Keunikan fisik seekor kerbau di Bangladesh membuat nasibnya berubah total. Hewan berbobot hampir 700 kilogram itu tidak jadi disembelih untuk kurban setelah warga menilai penampilannya terlalu langka untuk diabaikan.

Kerbau albino tersebut memiliki rambut pirang keemasan di bagian atas kepala yang membuatnya sekilas mirip gaya rambut Donald Trump. Dari situlah julukan “Donald Trump” melekat dan kemudian menyebar luas setelah kisahnya ramai dibagikan di media sosial.

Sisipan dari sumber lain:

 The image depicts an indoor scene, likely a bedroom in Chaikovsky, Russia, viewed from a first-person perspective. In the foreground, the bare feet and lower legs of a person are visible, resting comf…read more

Awalnya, kerbau itu memang disiapkan untuk ibadah kurban. Namun, perhatian publik yang terus menguat membuat proses penyembelihan dihentikan, lalu pemerintah Bangladesh ikut turun tangan.

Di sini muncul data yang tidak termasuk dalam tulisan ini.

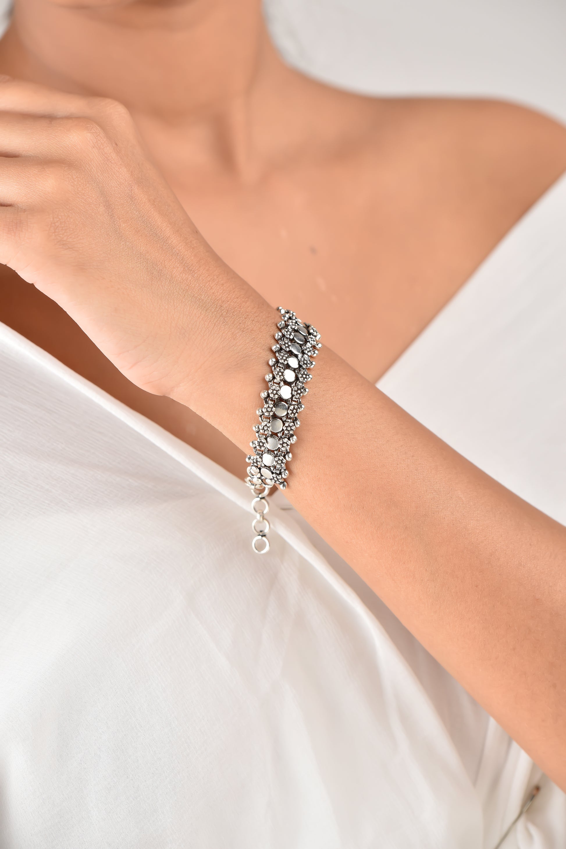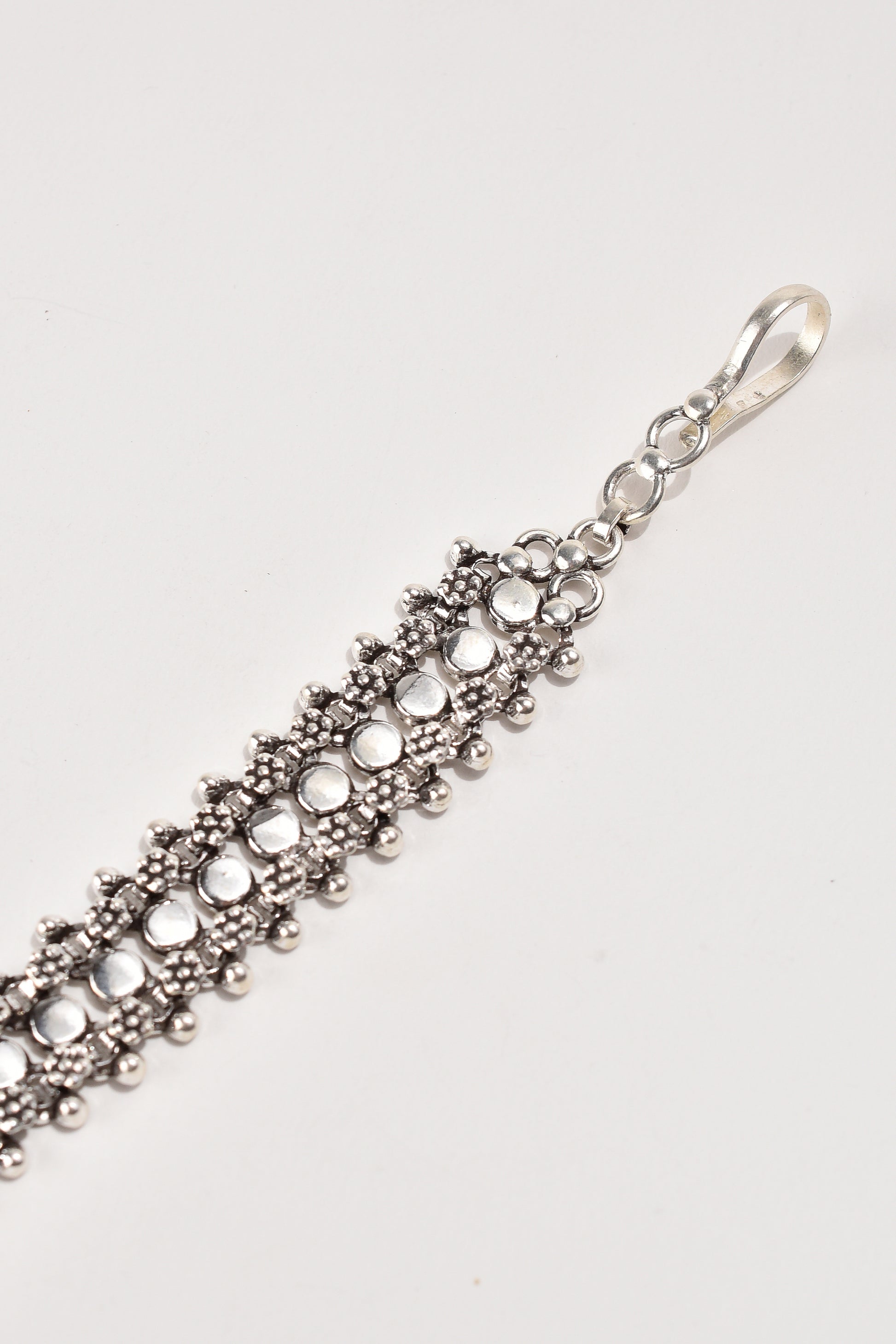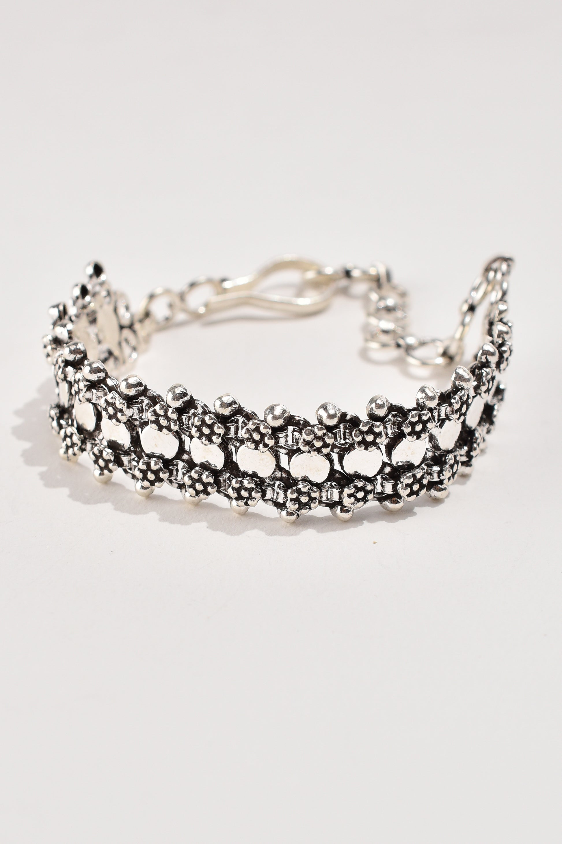 Exposed to the atmosphere, all silver is prone to oxidation and consequent tarnishing. Gentle rubbing with a silver cloth will restore the original brilliance. Do not use liquid cleaners for carved silver jewelry as it dries into the engraving.

Menteri Dalam Negeri Bangladesh, Salahuddin Ahmed, memerintahkan pembatalan kurban itu. Ia juga meminta agar uang pembeli dikembalikan penuh, sehingga pemilik dan pembeli tidak dirugikan atas perubahan keputusan tersebut.

Setelah dibatalkan, kerbau itu dipindahkan ke Kebun Binatang Nasional di Dhaka. Pemerintah menilai hewan tersebut memiliki nilai langka dan layak mendapat perlindungan, bukan justru disembelih.

Kerbau albino yang jarang ditemui

Kondisi fisik kerbau itu disebut sangat langka di Bangladesh. Warna rambut alaminya yang pirang dan tampilan tubuhnya yang besar membuat hewan ini berbeda dari kerbau pada umumnya.

Keunikan itulah yang memancing rasa penasaran banyak warga. Dari sekadar hewan kurban, ia berubah menjadi sorotan karena kemiripan visual yang dianggap mengingatkan pada mantan Presiden Amerika Serikat tersebut.

Julukan “Donald Trump” pun cepat dikenal luas di kalangan masyarakat setempat. Nama itu semakin populer setelah warganet ikut membahas dan menyebarkan kisahnya di dunia maya.

Kini berada dalam pengawasan kebun binatang

Saat ini, kerbau tersebut menjalani karantina selama dua minggu di kebun binatang. Setelah masa itu selesai, hewan itu akan dipindahkan ke kandang khusus dan dipamerkan kepada pengunjung.

Keputusan ini disambut positif oleh banyak warganet. Bagi mereka, langkah tersebut dianggap menyelamatkan seekor hewan unik yang sempat terancam hilang karena akan dikurbankan.

Kasus kerbau berjuluk “Donald Trump” itu menunjukkan bagaimana keunikan fisik bisa mengubah arah hidup seekor hewan dalam waktu singkat. Dari calon hewan kurban, kerbau itu kini justru menjadi bagian dari koleksi yang akan diperlihatkan kepada publik di Dhaka.